*** Begin section ***

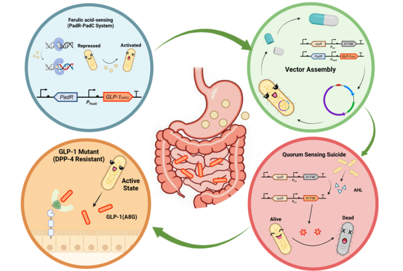 此次 Jilin-China 团队提出的“饮食响应型智能治疗系统”项目以糖尿病与肥胖等代谢性疾病为切入点,基于益生菌 E. coli Nissle 1917 构建了可响应健康饮食信号的智能治疗平台。系统利用全谷物中天然化合物阿魏酸(ferulic acid)作为信号触发,驱动细胞分泌改良型GLP-1激素,实现餐后自动调节血糖。
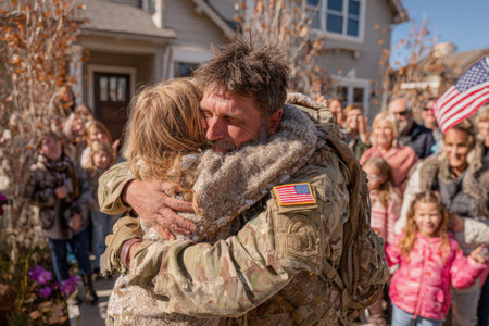 Military personnel warmly embraces young girl in a touching reunion, surrounded by family and friends, showcasing love, joy, and emotional connection in a vibrant setting
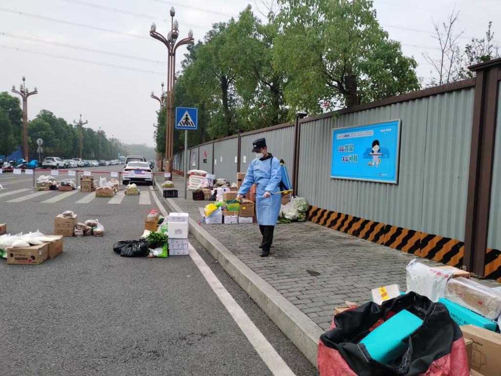 闭环对接,确保管控灵活性。定人员、定地点、定时间、定路线设立分区域物资保供专用通道,制订错峰分区域保障物资对接闭环转运、物资定点定时消杀等应对措施,出两人进两人;禁止外卖人员通过栅栏递送食物,生活必需品消毒后由队员用小推车进行转运,确保人员不交叉、转运不拥堵,队员耐心细致做好解释工作,管理秩序井然。

*** End section ***

Your goal:
The entire listing above, word for word and without pictures, is what should be output.

Result below:
 此次 Jilin-China 团队提出的“饮食响应型智能治疗系统”项目以糖尿病与肥胖等代谢性疾病为切入点,基于益生菌 E. coli Nissle 1917 构建了可响应健康饮食信号的智能治疗平台。系统利用全谷物中天然化合物阿魏酸(ferulic acid)作为信号触发,驱动细胞分泌改良型GLP-1激素,实现餐后自动调节血糖。
 Military personnel warmly embraces young girl in a touching reunion, surrounded by family and friends, showcasing love, joy, and emotional connection in a vibrant setting
 闭环对接,确保管控灵活性。定人员、定地点、定时间、定路线设立分区域物资保供专用通道,制订错峰分区域保障物资对接闭环转运、物资定点定时消杀等应对措施,出两人进两人;禁止外卖人员通过栅栏递送食物,生活必需品消毒后由队员用小推车进行转运,确保人员不交叉、转运不拥堵,队员耐心细致做好解释工作,管理秩序井然。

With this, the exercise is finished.